The number one rule in marketing is to be where your buyers are. But you have to know who they are first. I have had a number of clients that I’ve worked with that were not able to at first identify who they were really selling to.
WHO IS THE BUYER YOU ARE SELLING TO?
I have a client that sells medical software and when I asked them to identify their buyer they said clinics. I had to press them further to help them understand who in the clinic was the actual buyer. They had identified the type of organization that they sell to, but they hadn’t identified the individual roles in the organization that they sell to. Companies are just a legal entity to facilitate trade, it’s people who actually do they buying. It’s people who have a problem that need to be solved and it’s people that feel pain that needs to be addressed. When you are building messaging and positioning it’s the people that you need to keep in mind, not the organization.
WHAT PEOPLE DO YOU FOCUS ON?
The trick in B2B marketing is that you typically don’t have one buyer that you are selling to, there are multiple people involved. There may be one decision maker, but there will be many people who influence the purchase of a solution, each of which have different pain points, different political needs, and different points of view. The more expensive the solution, the more people involved. The more people involved, the more complex the sale. If you are developing buyer personas you’ll actually need to develop personas for each typical role in the buying scenario. For one of my clients, they were selling a treatment program to large end users directly and through insurance companies. I had to interview a variety of roles including CFOs, HR professionals, as well as sales and business development personnel. You have to be able to identify the pain points for each buyer persona, as well as how your product / service uniquely addresses their specific requirements. A CFO’s concerns are generally very different from an HR VP’s and very different from a Sales VP’s, but you may need to get all 3 on board in order to successfully position your solution and make a sale.
BUYERS VS DECISION MAKERS
An easy assumption is to think that the buyer is the decision maker and everyone else are influencers but sometimes this gets a little muddy. Think about the last time you were a child and you wanted a toy. You had the pain point (the desire for the toy) but you didn’t have a budget or decision making authority over the budget of your parents. You “decided” you wanted the toy, but your parents were the ones who actually made the decision. You had to make your problem their problem. You negotiated. You pleaded. Maybe you cried while they were dragging you kicking and screaming out the store. Maybe you offered to do more chores in exchange for the toy. But eventually you wore them down and they bought the toy for you. Were you the buyer or the influencer? Technically you influenced the decision but the purchase would not have happened without you championing the cause. Even though your parents were technically the buyer, they didn’t care a lick about what the toy did. All they cared about was that it made you happy and gave them a few moments of peace and quiet.

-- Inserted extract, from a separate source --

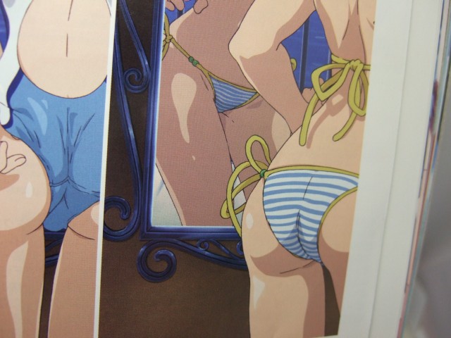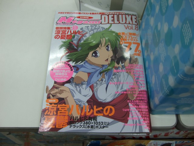3月22日、「Megami MAGAZINE DELUXE(メガミマガジン デラックス) Vol.8」(AA)が発売されました。これは「メガミマガジンとアニメディアの描きおろしイラストから厳選したスペシャル美少女ビジュアル集」というもの。今回は、縞々水着ハルヒ&水着長門の380x1052mmの「ほぼ」等身大リバーシブルポスターが付属していて、ゲーマーズ本店では、ハルヒ面のサンプルを掲示。

The same thing happens in large organizations. In any major project there’s a individual or group who has the pain, and someone who makes the decision. Typically the decision maker, or the approver is making a financial decision as to whether this purchase is in the best short and long term interest of the organization. But they buyers are the ones with the pain point, even though they are influencing the decision maker. This is an important distinction to make, because it influences how you communicate to potential buyers.
SO WHO ARE THE INFLUENCERS?
The influencers are anyone who may be impacted by the purchasing decision who need to be on board for the project to be approved. In an organization, you could think of a sales application that a Sales Director wants for his team. He may be the buyer, the decision maker may be a Sales VP, but IT might need to have input into the deal to make sure that it can integrate properly with their systems and isn’t going to create too much work for them. Perhaps HR needs to be consulted to make sure that it doesn’t unfairly expose compensation results to other employees. Someone in finance may be curious as to how this would affect sales reporting. Anyone who might have an objection to a project going forward would be an “influencer” and your job is to help the “buyer” respond to these internal objections by anticipating them and providing them with resources and responses that help get them on their side.
The larger the sale or more integral a product / service / or project the more complex the sale and marketing is going to be to an organization. More people will be involved. More people will be supporters. More people are going to have objections. Sometimes those objections are going to be valid, sometimes they will be purely for political reasons. The more ammo you can arm the buyer with, the more likely the sale will be successful. You have to be able to demonstrate that enough value will be created to overcome any internal risk and political resistance to the project.
For example, if a child wants a high end computer system to play video games, he’s going to have to demonstrate the value that will be created from it. Mom and Dad may object to the time spent playing games, that it might distract from homework and effect of violence in the games, never mind the cost. The child will need to demonstrate the educational benefits of having a high end computer system. Maybe he or she will need to show salary ratings of programmers and computer engineers, and how computers are an integral part of today’s classrooms and future job experiences.
Identifying the buyer, the decision maker, and the influencers and determining their needs and concerns will help you identify what messaging and material you need to create to help develop an opportunity and successfully move it along the sales cycle.